== DIRECTIONS ==
All lines from the top of the records below through the line holding "Rim size 8.50IX10H2", and only those, should be printed exactly, minus the pictures.

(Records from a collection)

━━━

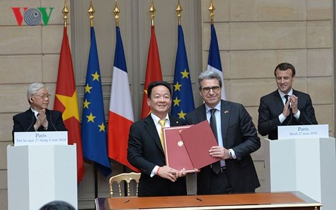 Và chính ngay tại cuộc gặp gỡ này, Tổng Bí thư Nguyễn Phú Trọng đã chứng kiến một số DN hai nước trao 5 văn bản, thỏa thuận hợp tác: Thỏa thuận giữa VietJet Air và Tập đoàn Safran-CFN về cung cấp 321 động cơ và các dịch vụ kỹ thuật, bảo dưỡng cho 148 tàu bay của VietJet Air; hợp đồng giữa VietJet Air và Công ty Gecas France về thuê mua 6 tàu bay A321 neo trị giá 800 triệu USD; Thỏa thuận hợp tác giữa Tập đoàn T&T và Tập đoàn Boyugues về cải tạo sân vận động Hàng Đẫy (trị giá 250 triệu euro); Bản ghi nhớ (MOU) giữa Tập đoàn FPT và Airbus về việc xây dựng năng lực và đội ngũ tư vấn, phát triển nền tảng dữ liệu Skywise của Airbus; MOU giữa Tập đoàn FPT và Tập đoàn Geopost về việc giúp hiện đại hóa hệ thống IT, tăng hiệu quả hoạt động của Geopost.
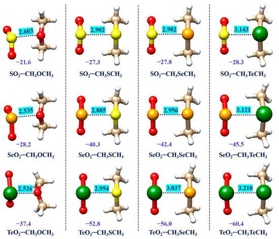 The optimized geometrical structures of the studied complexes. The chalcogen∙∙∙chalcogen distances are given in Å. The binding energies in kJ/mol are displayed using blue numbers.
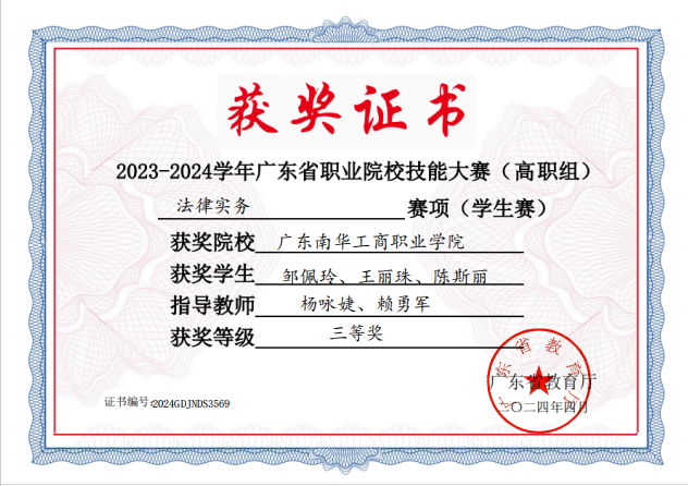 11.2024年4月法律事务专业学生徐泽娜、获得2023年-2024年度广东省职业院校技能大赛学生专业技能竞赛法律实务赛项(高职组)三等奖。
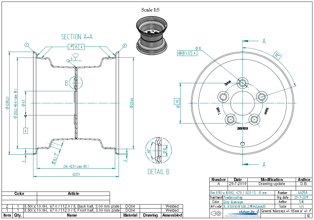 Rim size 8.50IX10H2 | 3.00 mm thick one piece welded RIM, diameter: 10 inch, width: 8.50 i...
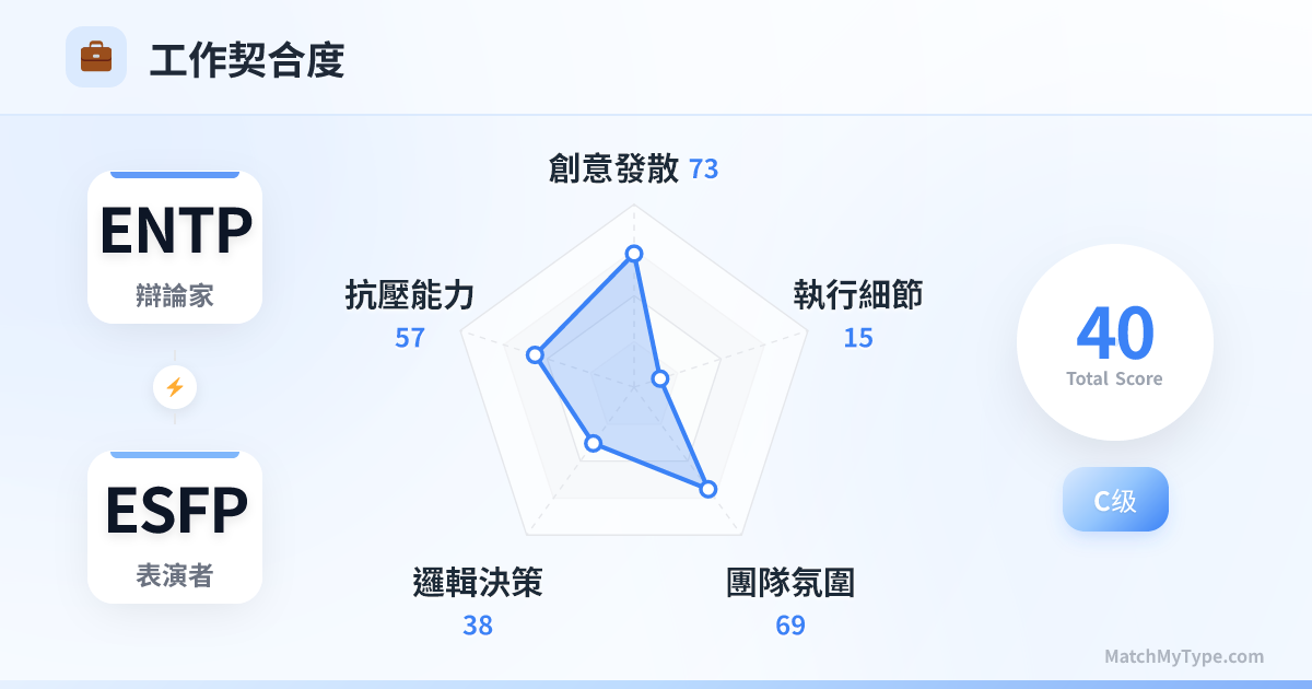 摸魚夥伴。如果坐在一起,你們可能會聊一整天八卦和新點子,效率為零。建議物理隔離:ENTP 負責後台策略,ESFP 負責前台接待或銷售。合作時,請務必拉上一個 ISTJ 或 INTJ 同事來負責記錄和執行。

━━━

== RESPONSE AREA ==
 Và chính ngay tại cuộc gặp gỡ này, Tổng Bí thư Nguyễn Phú Trọng đã chứng kiến một số DN hai nước trao 5 văn bản, thỏa thuận hợp tác: Thỏa thuận giữa VietJet Air và Tập đoàn Safran-CFN về cung cấp 321 động cơ và các dịch vụ kỹ thuật, bảo dưỡng cho 148 tàu bay của VietJet Air; hợp đồng giữa VietJet Air và Công ty Gecas France về thuê mua 6 tàu bay A321 neo trị giá 800 triệu USD; Thỏa thuận hợp tác giữa Tập đoàn T&T và Tập đoàn Boyugues về cải tạo sân vận động Hàng Đẫy (trị giá 250 triệu euro); Bản ghi nhớ (MOU) giữa Tập đoàn FPT và Airbus về việc xây dựng năng lực và đội ngũ tư vấn, phát triển nền tảng dữ liệu Skywise của Airbus; MOU giữa Tập đoàn FPT và Tập đoàn Geopost về việc giúp hiện đại hóa hệ thống IT, tăng hiệu quả hoạt động của Geopost.
 The optimized geometrical structures of the studied complexes. The chalcogen∙∙∙chalcogen distances are given in Å. The binding energies in kJ/mol are displayed using blue numbers.
 11.2024年4月法律事务专业学生徐泽娜、获得2023年-2024年度广东省职业院校技能大赛学生专业技能竞赛法律实务赛项(高职组)三等奖。
 Rim size 8.50IX10H2 | 3.00 mm thick one piece welded RIM, diameter: 10 inch, width: 8.50 i...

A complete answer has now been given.